ESR Rejected RabbitMQ message processing
The TIS/ESR Microservices are implemented in Java and (typically) do work by processing inbound RabbitMQ messages.
Current Situation
At the moment, there is limited error handing support within these Microservices. If an error occurs and exception will be thrown and 1 of 4 things will happen:
if the queue does NOT have an associated dead-letter exchange
If the exception is an instance of
AmqpRejectAndDontRequeueException
the message will be dropped.otherwise the message will be returned to the source queue for repeated processing. This can lead to an infinite loop.

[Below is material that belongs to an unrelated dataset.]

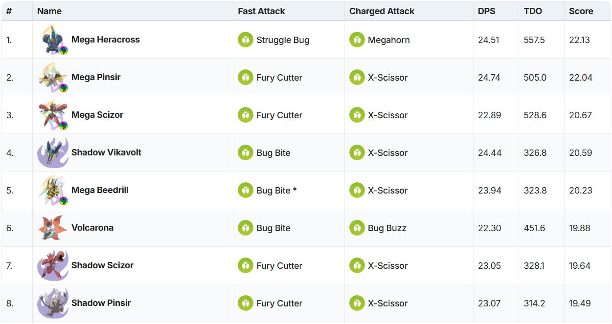 Both Shadow and Mega Scizor are among Top Bug Attackers in the game. Trainers may want to take this opportunity to catch some Scythers and be ready for Mega Malamar Super Mega Raids. Sadly, Scizor can’t replicate a similar performance as a Steel raid attacker.
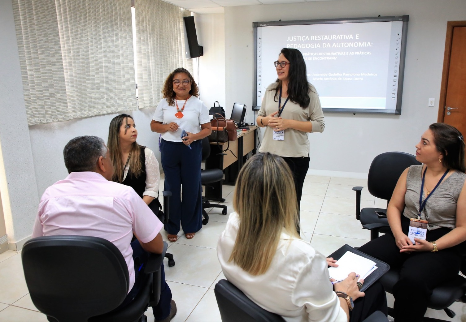 Com a orientação do juiz Antônio Dantas de Oliveira Junior, e da facilitadora Eliene Diniz da Silva, a temática “Justiça Restaurativa na Prevenção da Evasão Escolar” foi explorada ao discutir as necessidades de desenvolvimento de novas abordagens restaurativas como fator na manutenção do engajamento dos(as) estudantes.

if the queue does have an associated dead-letter exchange
If the exception is an instance of
AmqpRejectAndDontRequeueException
the message will be sent to the dead-letter exchange.otherwise the message will be returned to the source queue for repeated processing. This can lead to an infinite loop.
In the case where the message is rejected to the dead-letter exchange, it does not carry details of the exception that caused the rejection.
The current situation does not support retries. For problems like OptimisticLockingFailureException - we would like to retry a number of times as these errors should be temporary.
If during the processing of one message we fail AFTER sending a further message, the sent messages cannot be un-sent.
Proposed Solution
The proposed solution adds the following capabilities:
Retries. The ability for messages to be retried. The number of retries and the delay between retries is configurable.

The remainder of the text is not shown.